▶ Exercise description
A verbatim copy is needed of the lines below from the one containing "It also has" up to and including the one containing "民徳 獅子さんの天格は20画の1点!", excluding pictures.

▶ Information
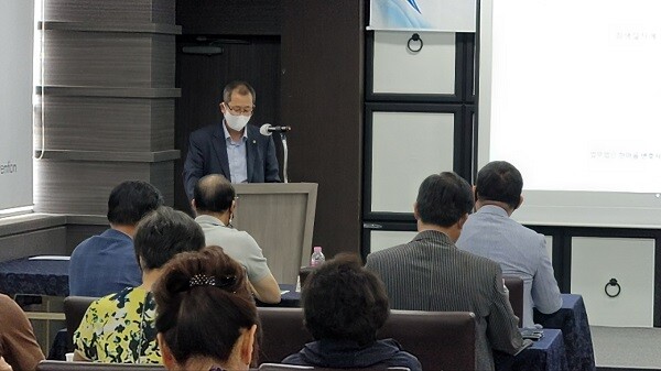 ▲ 안산상공희의소가 개최한 경영인 협의회·리더스 포럼 월례 세미나에서 기업회생절차를 설명하고 있는 법무법인 한마음 차성호 변호사. |
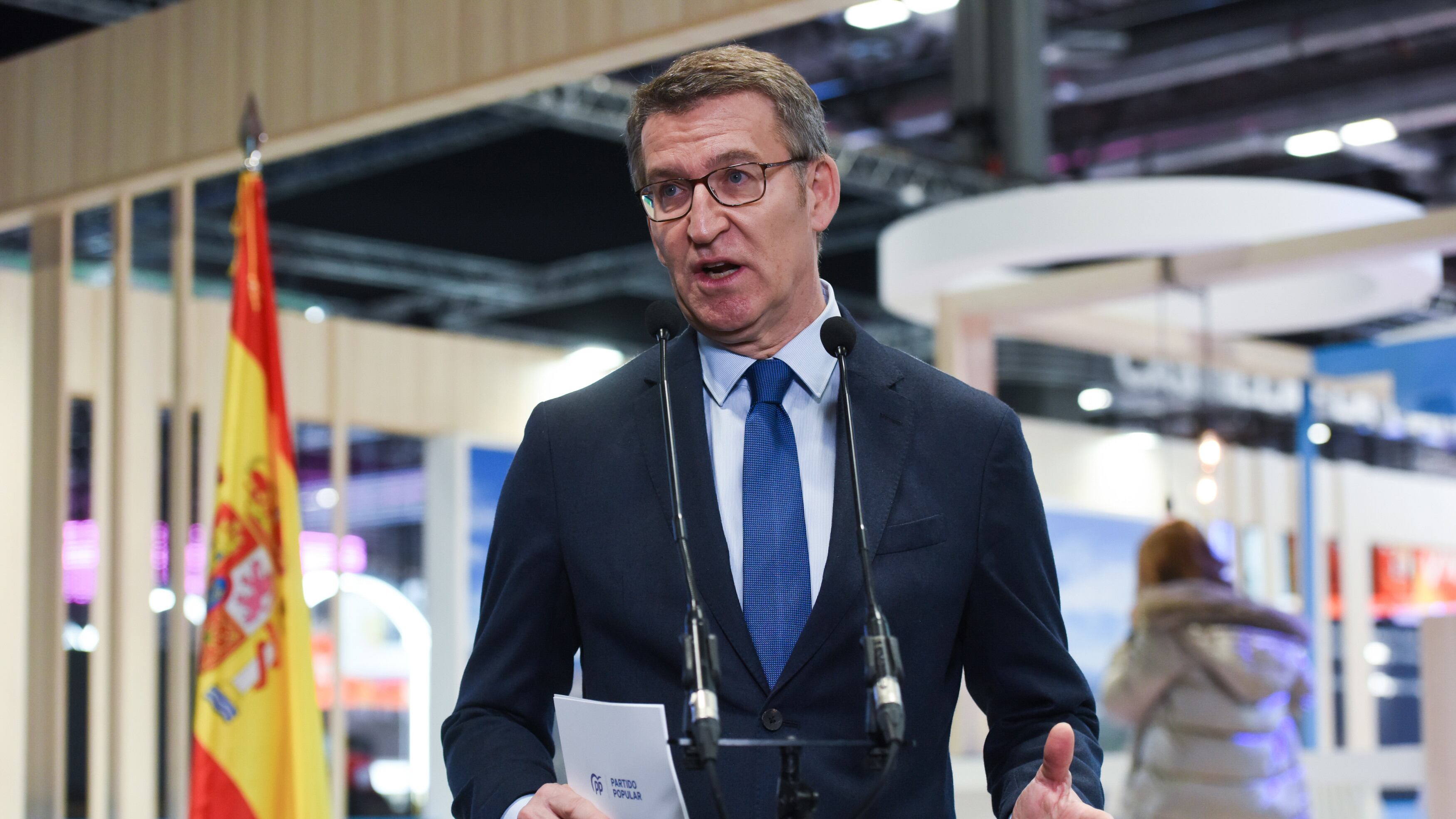 El líder del PP, Alberto Núñez Feijóo, interviene durante una visita a la tercera jornada de la Feria Internacional de Turismo, Fitur 2023, en IFEMA Madrid, a 20 de enero de 2023, en Madrid (España). Alberto Núñez Feijóo, ha visitado hoy la Feria Gustavo Valiente - Europa Press (Gustavo Valiente - Europa Press/Europa Press)
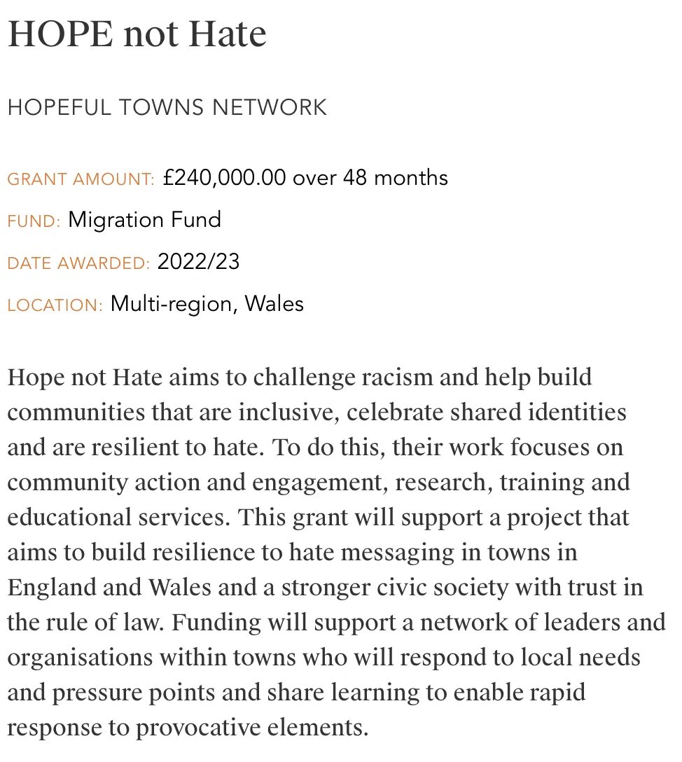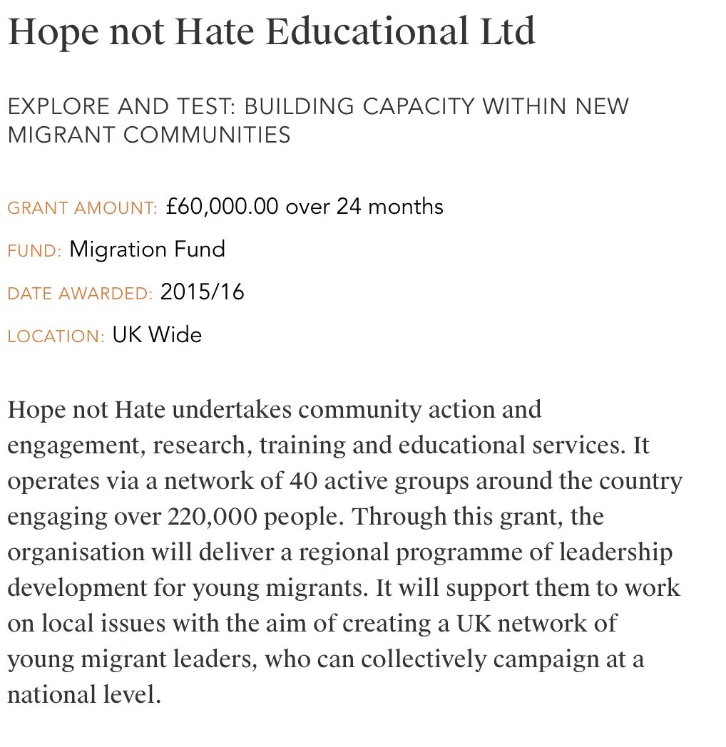 It also has a "Migration Fund", which HOPE not hate has received three times (worth hundreds of thousands of pounds).
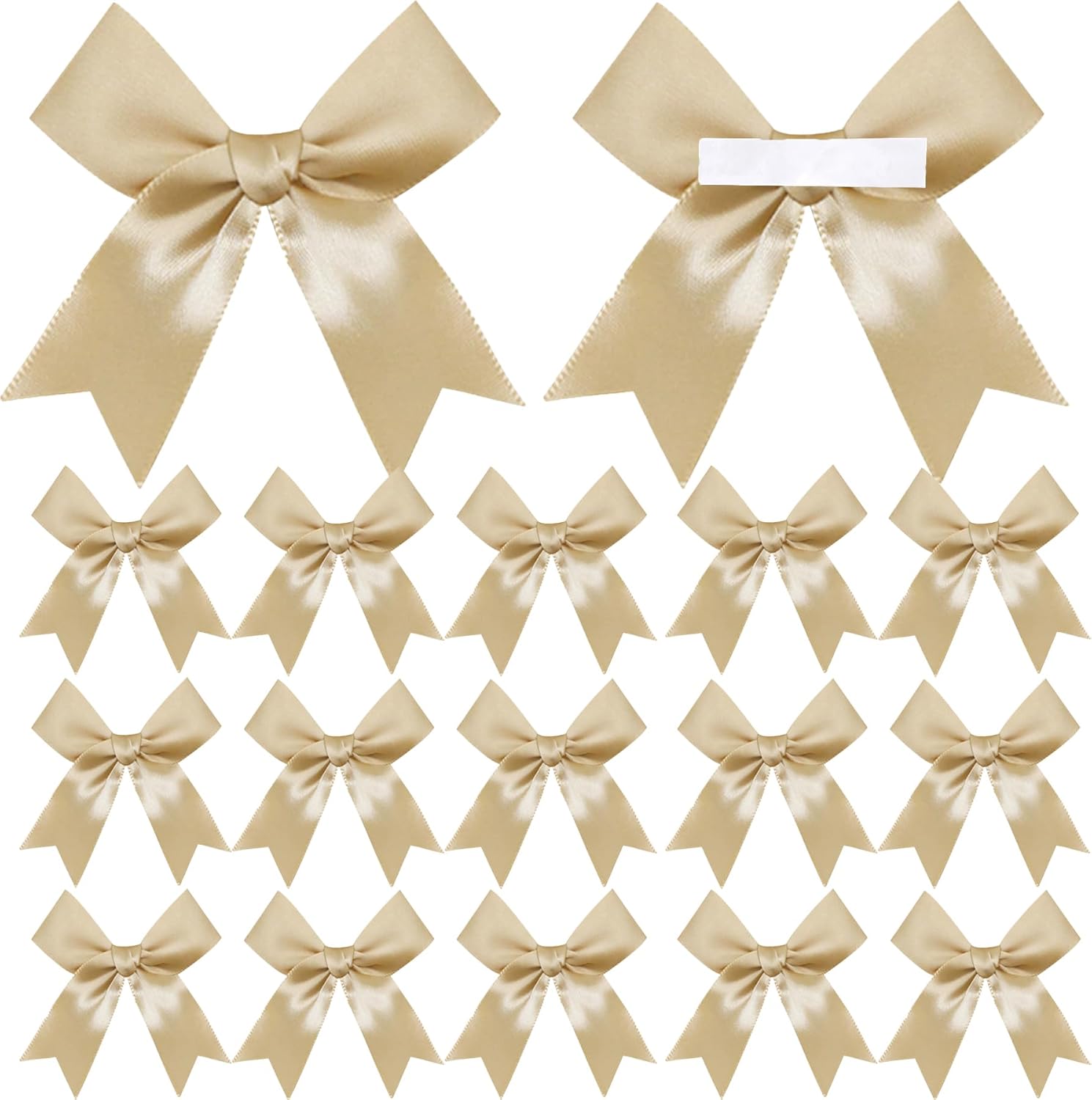 50 Pieces Gift Wrap Bows Premium Satin Ribbon Bows 3.3 Inch Craft Bows for Gift Wrapping DIY Treat Bags Holiday Gifts Bag Party Decorations, Wedding Decor Christmas Birthday Presents (Golden)
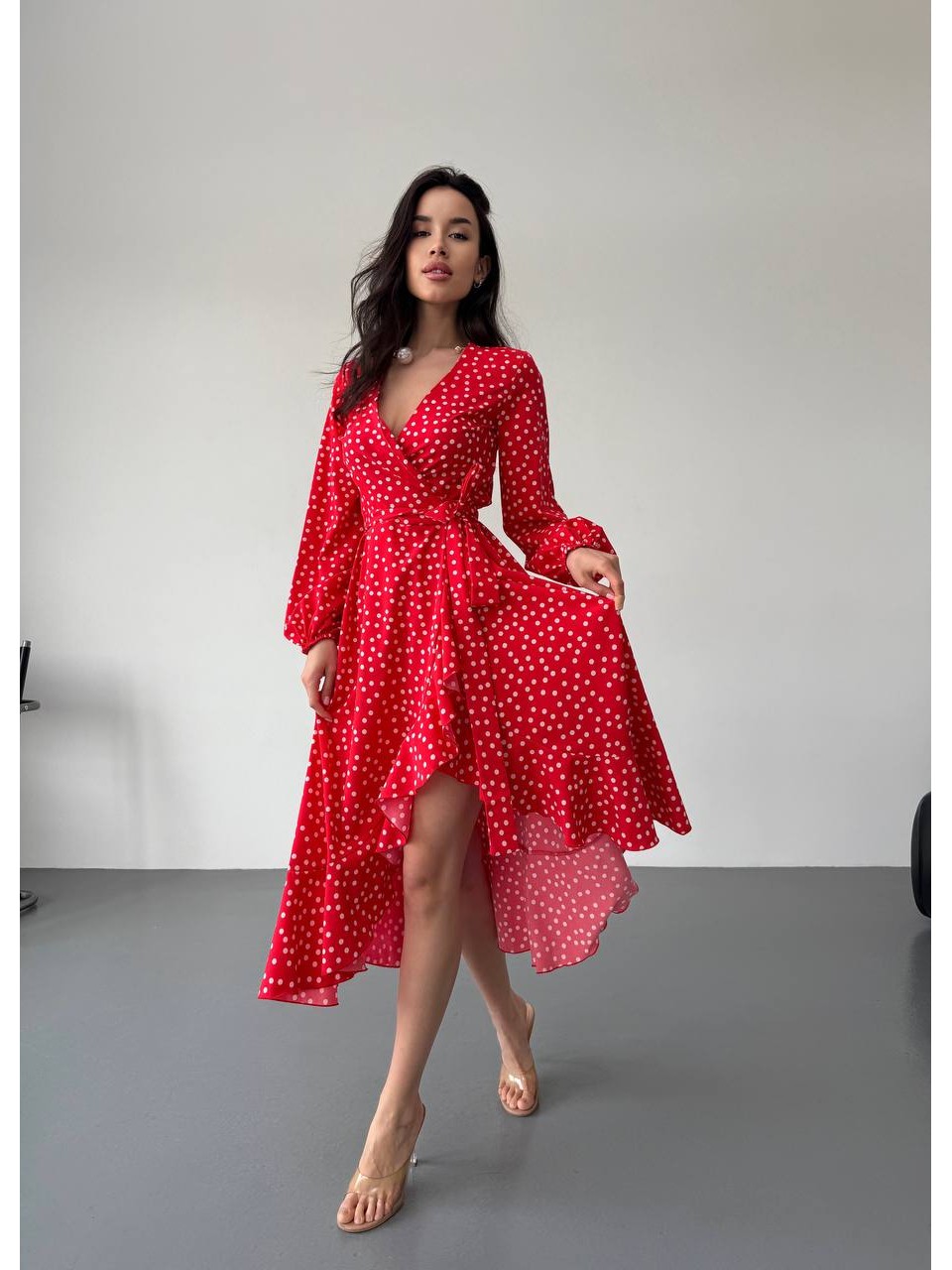 Легка сукня міді на запах у горох червоного кольору 32584
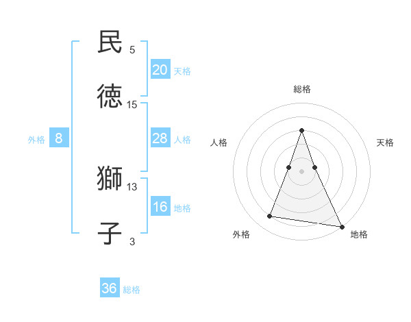 民徳 獅子さんの天格は20画の1点!
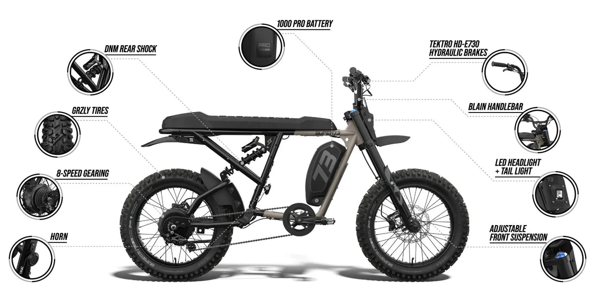The Adventure Series flagship model and everything you could possibly want from our Performance Adventurer. We're redefining electric excellence with a new, UL-compliant 1000 Wh removable battery, Magura MT5e brakes, full suspension, and improved weight distribution. If you're still craving more action, you're in luck because we also included a powerful new battery system that allows you to fully customize your range and power output. Each feature has been carefully curated to make this the best ride we have to offer.
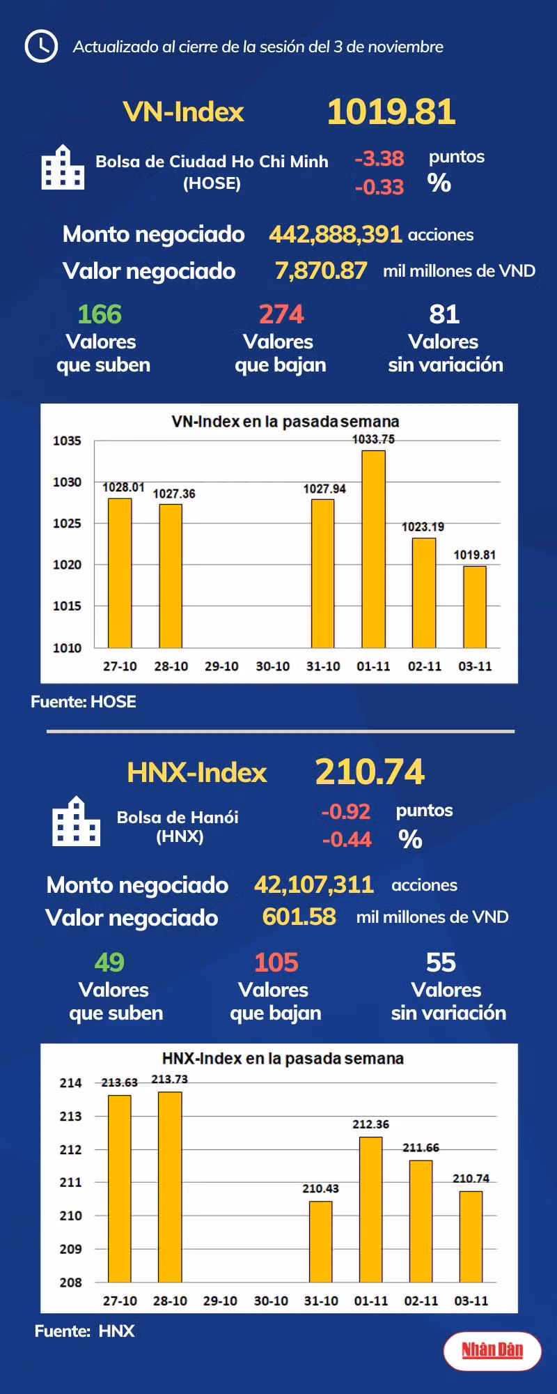 Al cierre de la sesión del 3 de noviembre de 2022, la Bolsa de Ciudad Ho Chi Minh, en Vietnam, registró 166 valores que subieron, 274 que bajaron y 81 sin variación, mientras en Hanói las cifras marcaron 49, 105 y 55.
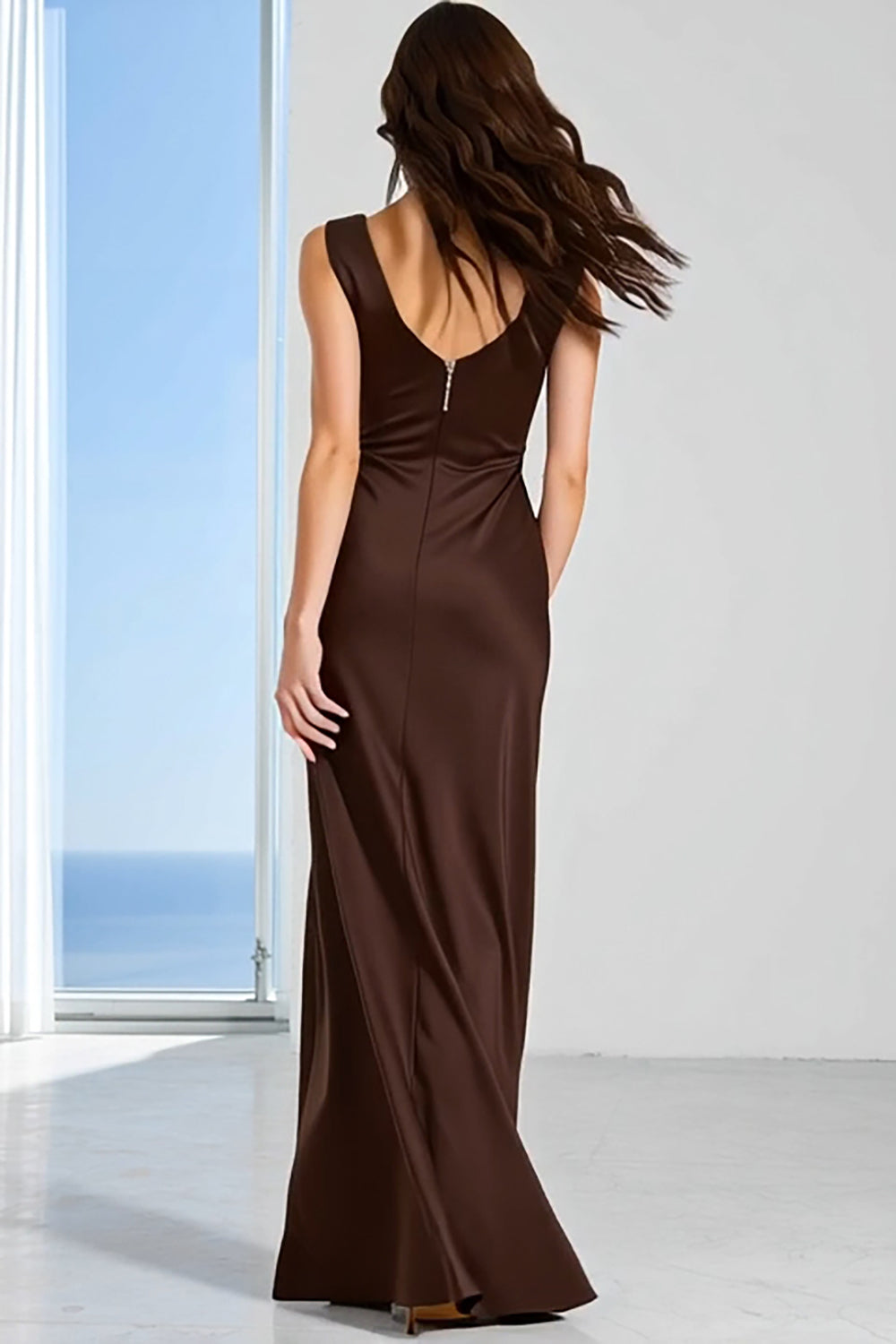 Coffee Bateau Neck Sheath Long Bridesmaid Dress

▶ Response
 It also has a "Migration Fund", which HOPE not hate has received three times (worth hundreds of thousands of pounds).
 50 Pieces Gift Wrap Bows Premium Satin Ribbon Bows 3.3 Inch Craft Bows for Gift Wrapping DIY Treat Bags Holiday Gifts Bag Party Decorations, Wedding Decor Christmas Birthday Presents (Golden)
 Легка сукня міді на запах у горох червоного кольору 32584
 民徳 獅子さんの天格は20画の1点!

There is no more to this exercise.